Category: India

Delhi: Getting Into Town From Majnu Katila

The Tibetan Colony
We are staying in Majnu Ka Tilla, a Tibetan enclave in the north of Delhi. One of the women in the hotel tells me that the Tibetans still only have refugee status despite having first come here in 1959 and that they hold a yellow book in lieu of a passport.

Majnu Katila is a lively place with a sprinkling of red-robed buddhist monks who walk through the streets with a solid self-possession that is quite noticeable.

In the evening at the restaurant in our hotel we ate with two women – both buddhist monks – and the conversation was lively and centered on buddhist philosophy and their belief in how things come to be. They talk about the conditions that bring things into being and the way that desire conditions us for suffering.

Update: Later in our trip we saw and spoke with buddhist monks in Darjeeling and Kuseong in West Bengal and found the same measured attitude to life that is very pleasant.
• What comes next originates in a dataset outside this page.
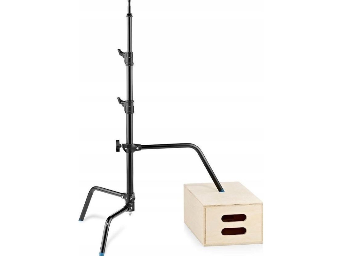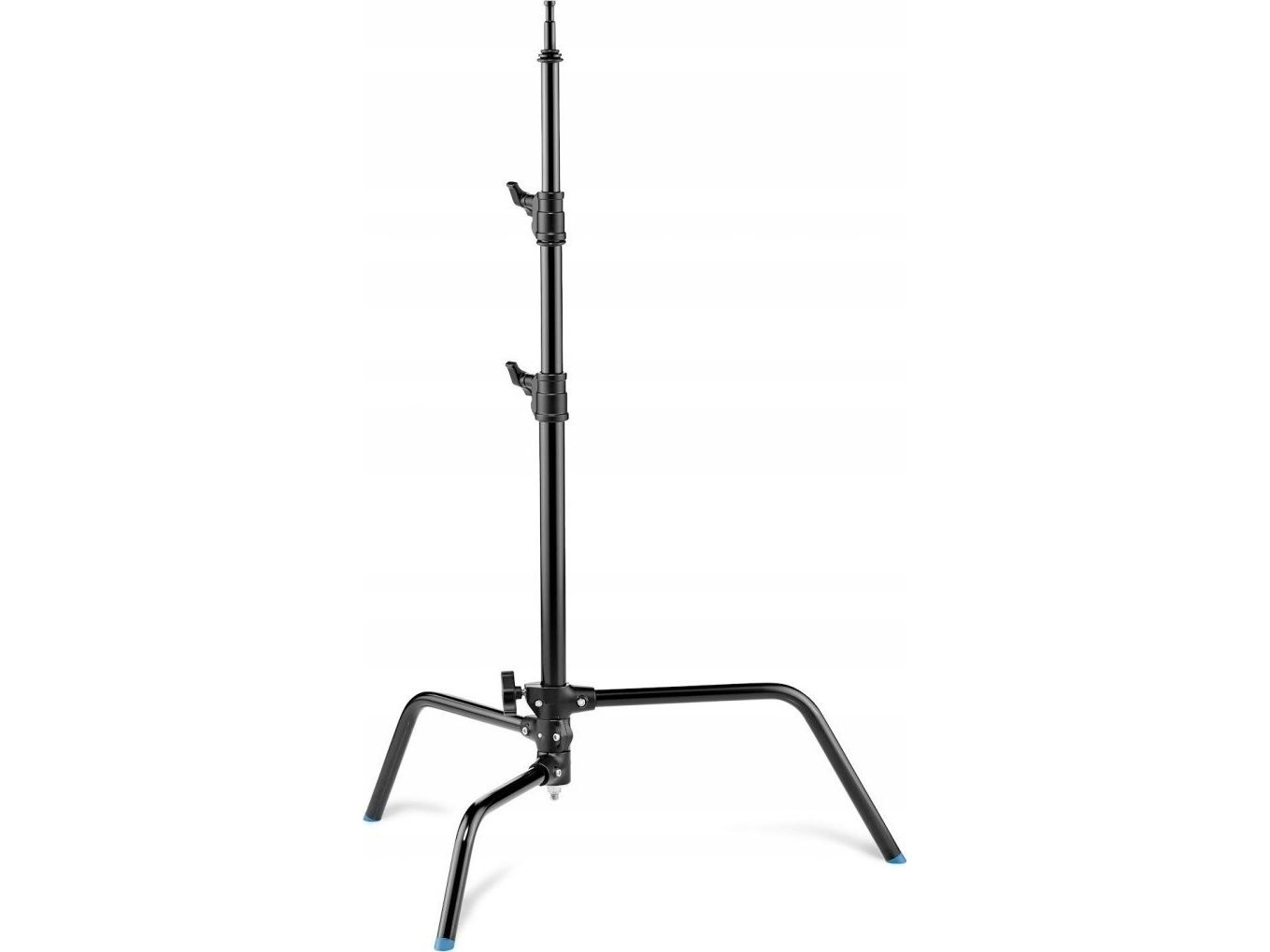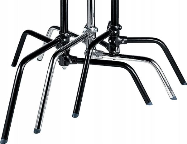 Turtle base chrome plated steel stand in black finish with 3 sections and 2 risers. Legs folds flat for easy storage. This stand has a maximum payload of 8kg and maximum height of 1.75m. It features one sliding leg for easy use on uneven surfaces. The stand is also available in chrome plated steel.

The hotel we are staying in is named Wongden House and it is run very efficiently and with great friendliness by a Tibetan family.

From our room we can see the Yamuna river several hundred yards away. It is a lazy brown river, and through my binoculars I can see wading birds picking food out of the shallows.

There is a pontoon bridge across the river with a stream of cars and bicycles crossing both ways. On the near bank of the river there are reed houses. Outside one is a large metal bowl with metal pots in it. Washing is strung on a line outside another. They must be very poor people to be living like that. Tamara wonders how they manage in the winter.

When I look more closely I see there is a patchwork quilt of fields of vegetables and there is a man squatting down cutting some plants. Perhaps these are their working houses by the river. Perhaps they have homes elsewhere as well. Perhaps.

Into Town
We had our first experience of Delhi traffic when we arrived at Majnu Katila from the airport. Now that we are settled in our room, we want to go into Delhi.

At 2pm this afternoon when we arrived at very modern metro station at Vidhan Sabha, there were very few people on the platform. A ride from Vidhan Sabha to Rajiv Chowk in the center of Delhi cost 15 Rupees – about 20pence or 35cents. We worked out the cost as best we could, in terms of what we believe a Indian laborer could afford. We decided it is affordable, so we were surprised how very few people there were in the metro.

We wondered whether it was because of the time of day. Perhaps it would be busier later.

On the train the recorded voice of what I take to be an upper middle class Englishwoman announced the station stops on the loudspeaker. I wondered who had decided to employ such a voice as the voice of the Delhi underground railway.

She said “stand clear of the doors” and “Mind the gap [between the train and the platform]” in that commanding voice of which ladies of her breeding are capable. It seems so out of place: A hangover of the British Raj imported into modern-day India.

We might have been on underground train in England. That is except for one sentence that she said, again in that imperious voice, “Passengers are requested not to sit on the floor.”

So we were not in England.

We returned to the metro at 6pm. There were hundreds and hundreds and still more hundreds of people packed on the platform so that they were one seething body.

Just one look from the top of the stairs was enough to make our jaws drop. How could we negotiate that crowd? How could we ever get on a train? We went down to the platform. We stood with the crowd. We looked at that swaying, clustered mass of humanity thirty, forty, fifty people deep all struggling to get on the trains and decided we couldn’t do it.

We went upstairs for a coffee, to a cafe whose strap-line read, ‘A lot can happen over a coffee.’ An hour later we went down again and this time it was easier. The crowd had thinned and we got on the train easily. Now it was no more than a train in London at rush hour: Quite manageable.

Accents
As a footnote to the above, after two or three days my ears have become attuned to the accents and I believe I hear in the voice of the lady on the loudspeaker in the metro, an Indian accent. Perhaps she is not from Surrey or the Home Counties after all.

A couple of days later, when we are on a train to Agra, we speak with an Indian engineer. He tells us that a poor person can buy two meals for 15 Rupees. So the cost of a ticket on the Delhi metro is not necessarily for everyone.